Property fraud is not new, but it is becoming increasingly sophisticated and affected parties may be surprised to learn that their professional advisers may not be liable for the losses suffered.

Rebecca Francis

In the latter part of last year, the court in P&P Property v Owen White & Catlin grappled with the thorny issue of identity theft in property transactions. Here, a fraudster impersonated the owner of a property and sold it to an innocent purchaser. The court held that the innocent purchaser was not able to claim against the purported seller’s solicitors once the fraud was discovered.

Since the start of the year there have been further property fraud cases in which an innocent party has questioned the conduct of professional advisers on both sides of the transaction, in particular Patel v Freddy’s and a claim against a City law firm by its client, Dreamvar.

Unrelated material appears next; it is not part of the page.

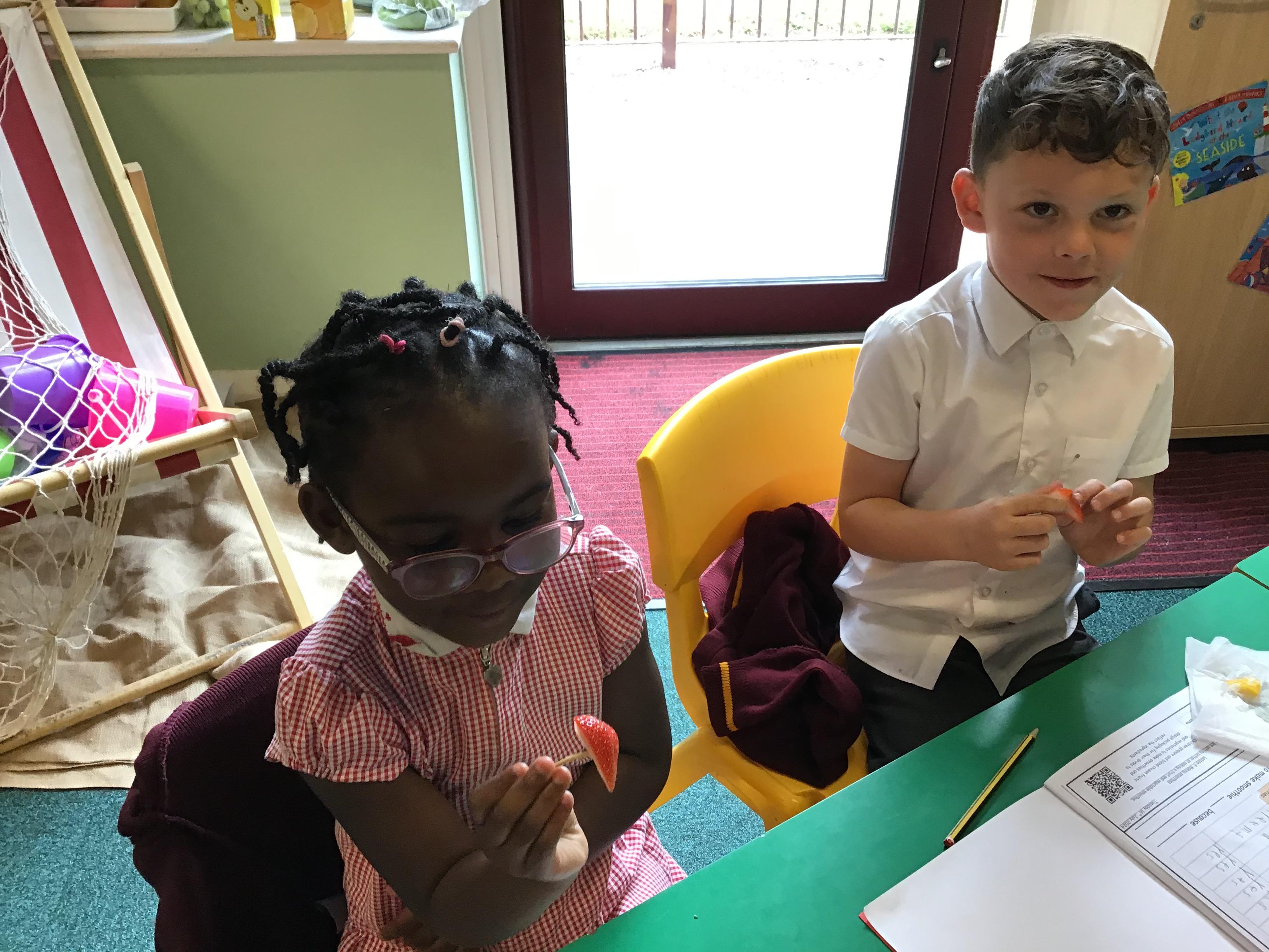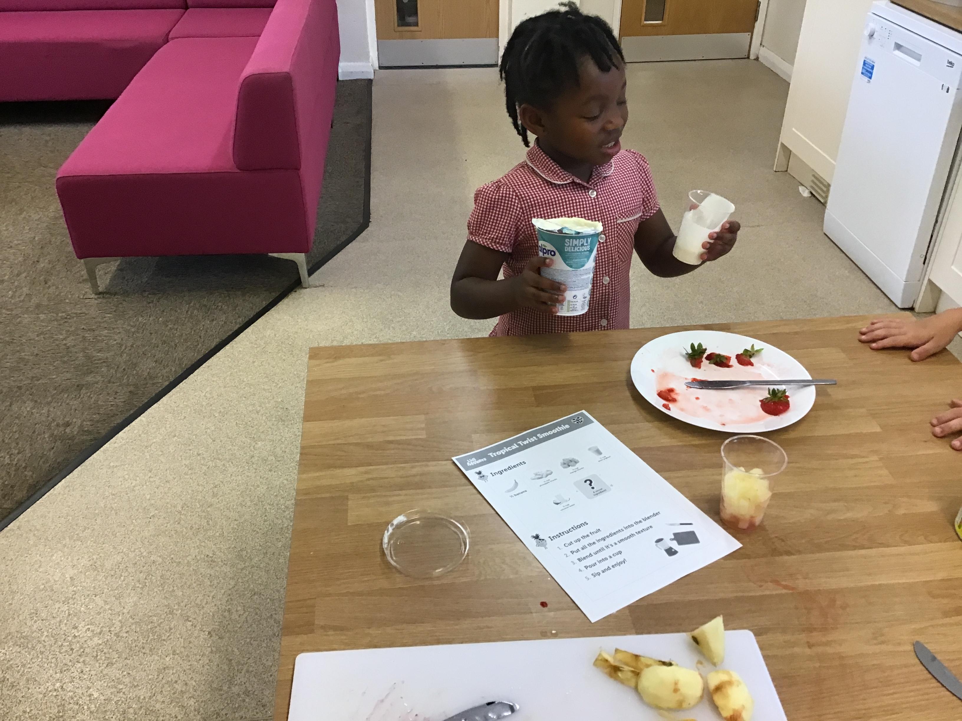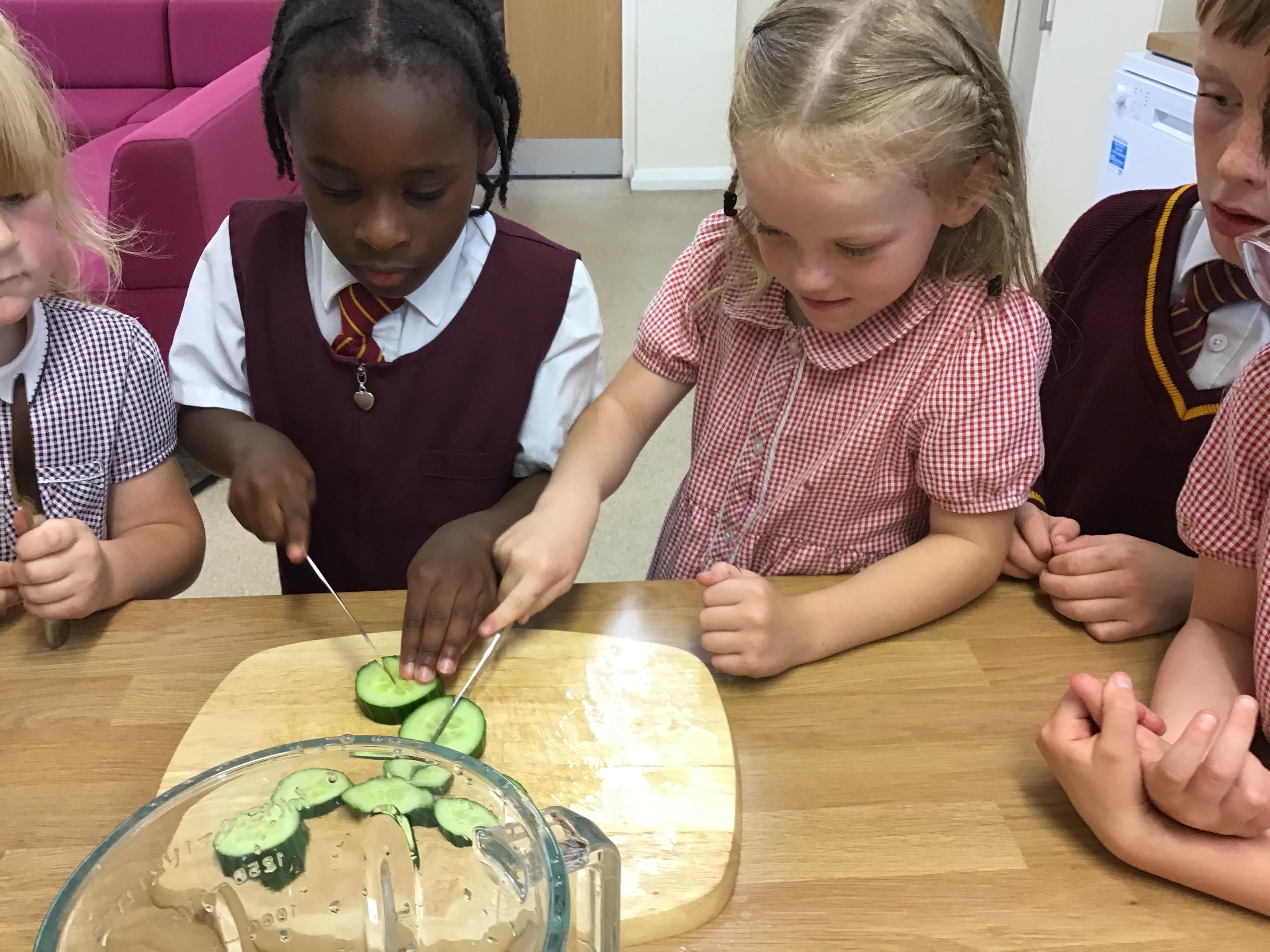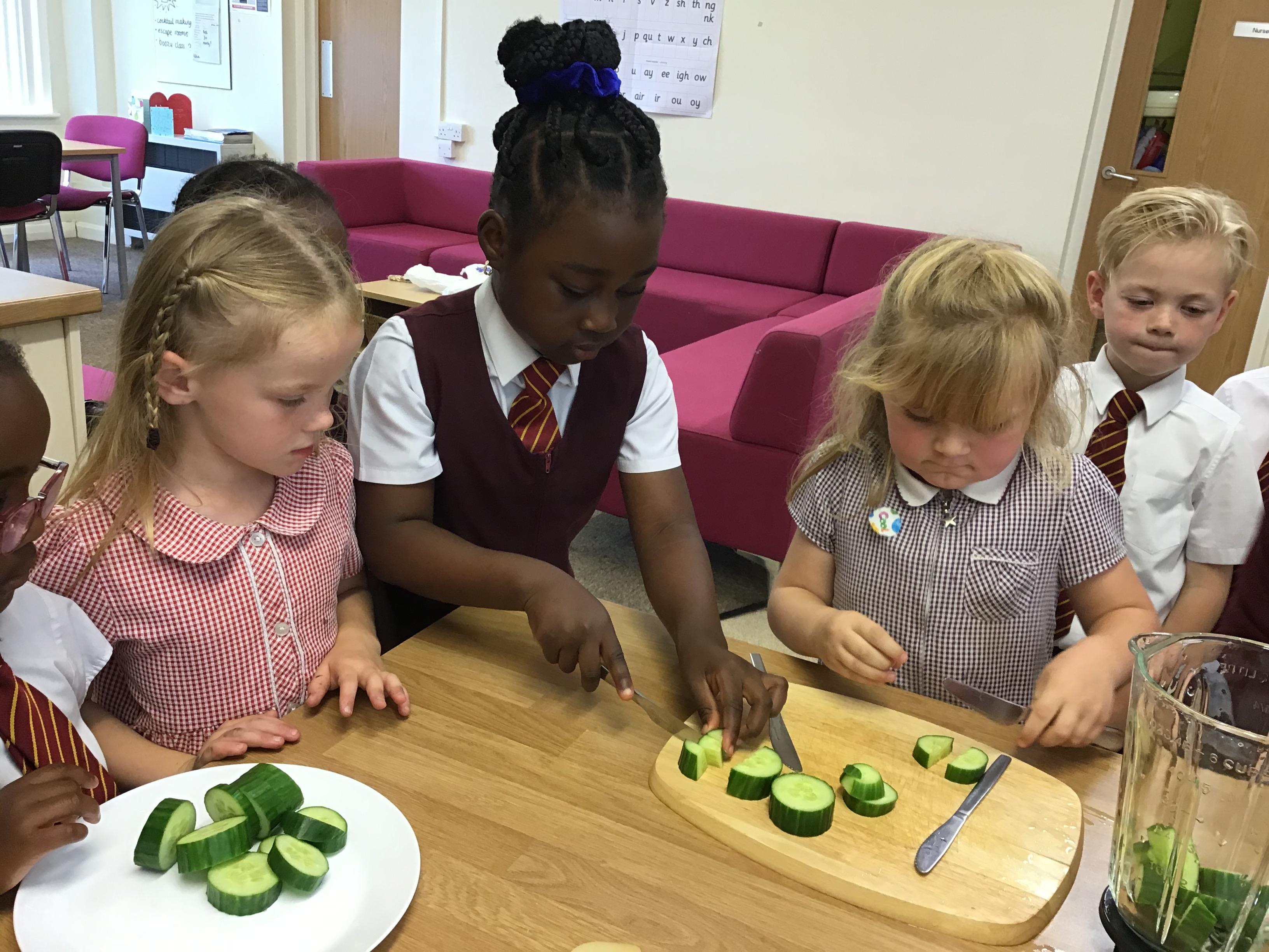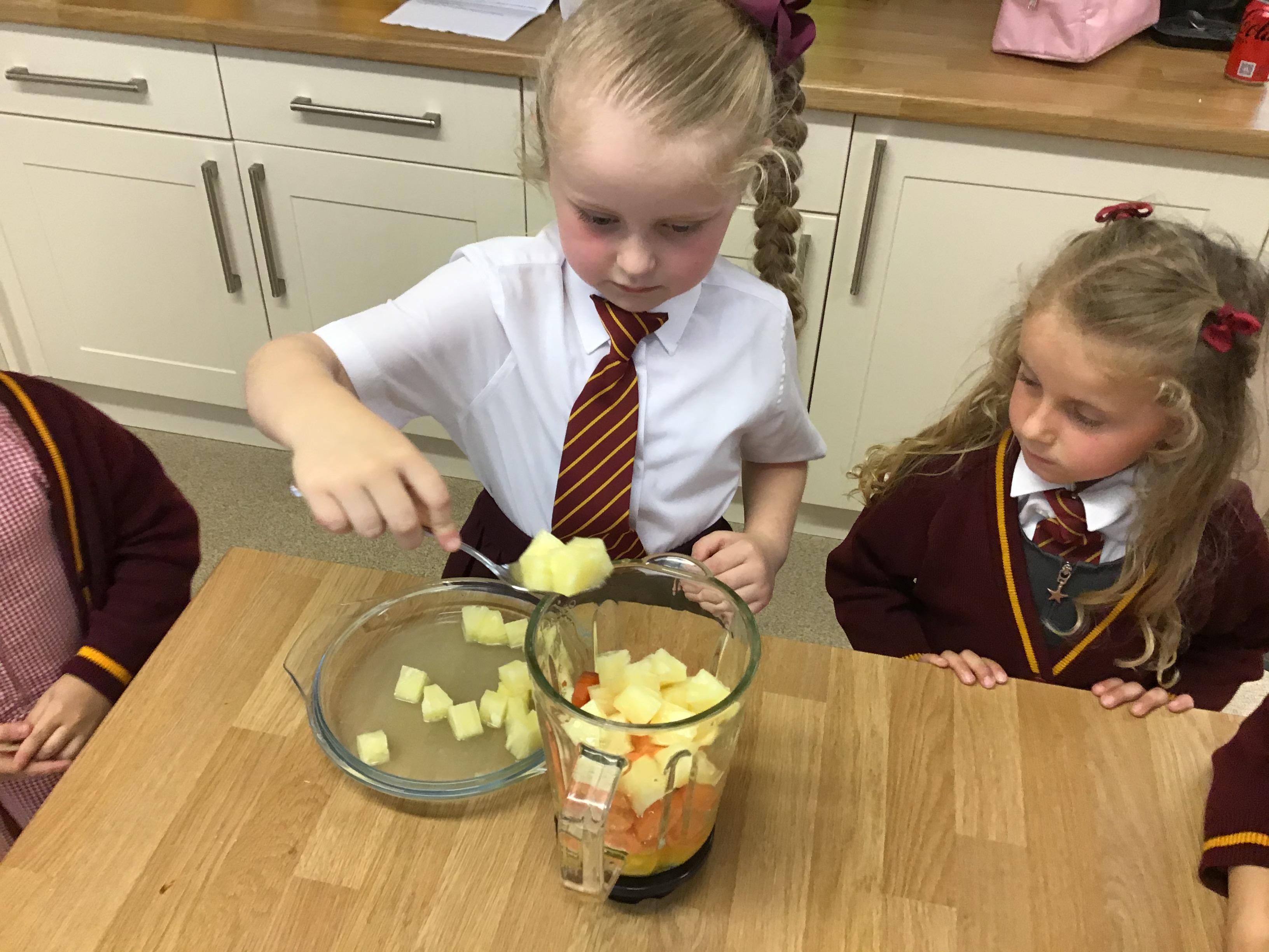 The children practised how to prepare the fruits, discussing how to stay safe when using kitchen equipment. They practised both cutting and juicing skills. The children worked in groups to prepare the smoothies.

In Patel v Freddy’s, the genuine owner of the property was not able to seek rectification of the title register where the property had been fraudulently transferred because the transferee had not contributed towards the mistake. It was held that the buyer’s solicitor was not required to check the identity of the purported seller nor was it required to check that the seller’s solicitor had done so.


Thorough identity checks are key in complex cases

In contrast, proceedings against a City law firm found the firm liable for breach of trust when it released its client’s completion funds to solicitors acting for an imposter who was posing as the true owner of a property. However, the firm was not found to be negligent, so it will be interesting to see whether the decision withstands appeal, given the wider implications on conveyancers and professional indemnity insurance.

Mitigate risks

To mitigate the risks of fraud it’s important to heed the warning signs and scrutinise the seller’s justification for an immediate exchange. Face-to-face meetings should be encouraged and enquiries should be made as to where funds are being sent. You should read and consider the red flags in title reports carefully.

Sign up for the Land Registry Property Alert Service and an email will be sent to the elected email address any time an application is made against the title. This is particularly useful for unmortgaged properties, which tend to be at higher risk of fraud.

When faced with a corporate seller, check the People with Significant Control (PSC) register at Companies House. This could help shed light on the identities of the individuals who should be dealing with the transaction. However, it is also worth noting that the availability of this information could actually enable fraudsters.